Licorice Pizza

Crítica de Javier Mattio - La Voz del Interior

Paul Thomas Anderson da vida en “Licorice Pizza” al romance escurridizo de dos jóvenes en una California retro.

Un amor y una película juegan a no serlo en Licorice Pizza, filme con el que Paul Thomas Anderson consuma un cine ideal. Finta, mirada, contención, respiración, forma, movimiento: una cualidad casi retórica conduce el lazo entre Alana (Alana Haim) y Gary (Cooper Hoffman), que por más de dos horas conversan y actúan con la autoconciencia de una pareja cinematográfica; de todas las películas, pero en especial de las de Anderson, que concibe aquí una síntesis calidoscópica de su obra expansiva.

Gary es un adolescente exestrella del espectáculo y es interpretado por el hijo de Philip Seymour Hoffman, cuyo rictus recuerda estremecedoramente al padre, ícono de varias películas del director: a partir de esta inversión biológica, Licorice Pizza puede pensarse precuela del cine entero de Anderson, que tampoco casualmente se sitúa en California, donde él nació: cita afín a la de .

Pero, a diferencia de la película de Tarantino, aquí el cine permanece sigilosamente latente: hay fotos, hay casting, hay filmación, hay títulos de películas y una marquesina, y sin embargo la historia va por otro lado.

Las caras de los protagonistas son vírgenes para la gran pantalla a pesar de su matriz pop: a la ya citada condición filial de Hoffman se suma la pertenencia de Alana al grupo de rock Haim.

Esa frescura colabora con la recreación de un exterior californiano de la década de 1970 que es paradójicamente un sueño sin tiempo y hacia el interior del cine: de los cigarrillos y las camisas a cuadros al azul metálico de un Pontiac, de la irreal luminosidad diurna a las fachadas y carteles que titilan en la noche (Licorice Pizza es el nombre de una tienda de discos de la época).

El retro de Anderson nunca cae en la falsa nostalgia o en el fetiche perezoso, sino que reinventa el pasado, lo trata como materia líquida y horizonte de libertad elevando la vara entre tanta biopic literal. Para eso el realizador parece inventar un género nuevo: el musical sin canto o la coreografía sin canción.
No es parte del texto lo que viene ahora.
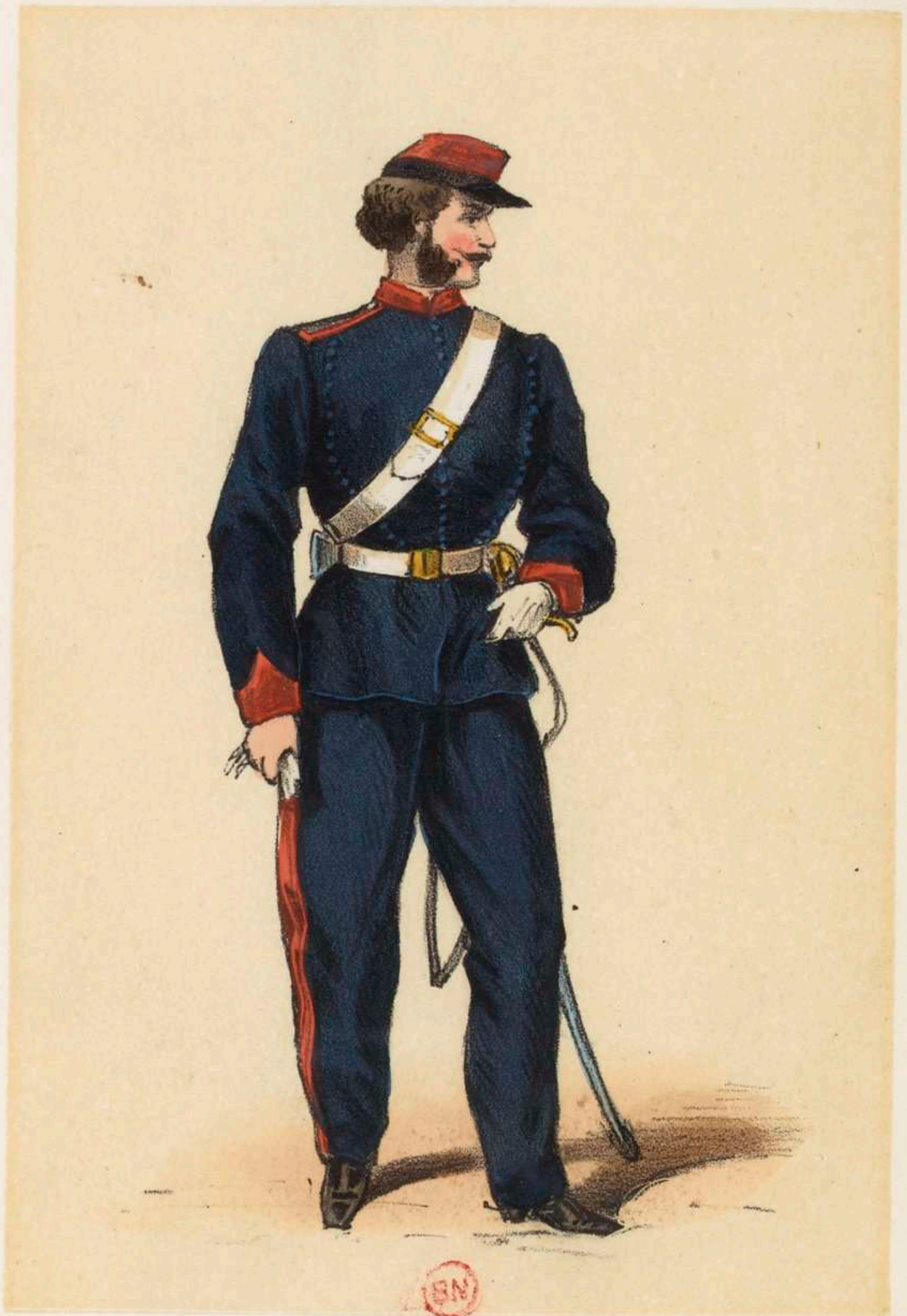
Eclaireur a cheval de la Seine
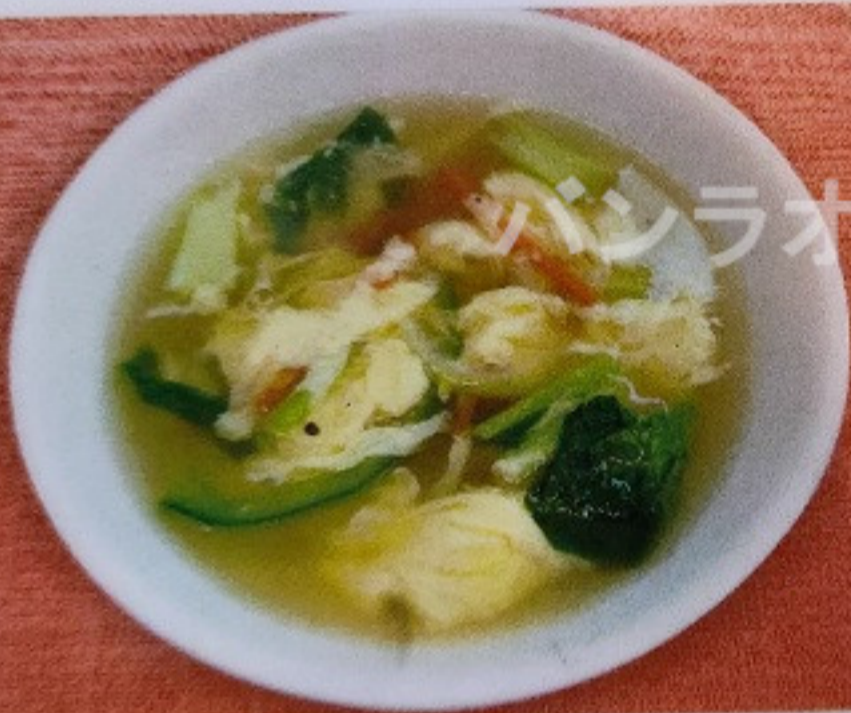
玉子スープ TAMAGO SOUP

Como en la argentina Castro, Alana y Gary corren y se miran a través de cristales y participan en las empresas más descabelladas (gira de niños famosos, venta de colchones de agua, detención policial, asistencia política, negocio de pinball) como si marcasen un ritmo secreto.

“Esto no es una película”, “Te digo que soy buena actuando”, “¿Es un diálogo o es real?” son algunas de las sospechosas líneas que pronuncian estos enamorados virtuales que fusionan su reticencia erótica (apenas se rozan, se tocan) con una deriva escurridiza.

Que la pareja siga un guion predestinado no impide que la iniciación recaiga en Alana (así como en el soberbio semblante de Haim), que hace avanzar el filme con sus pretendientes mientras mantiene a raya al suave Gary.

Así aparecen, entre otros, un demente Jack Holden (Sean Penn) y un hilarante Jon Peters (Bradley Cooper), a la vez que Nixon alerta de fondo sobre la escasez de combustible (una energía más oscura pero tan libidinal como el amor).

“Es el fin del mundo”, celebra Gary al correr jovial entre coches varados: y es que cuando el cine vive, el resto se detiene.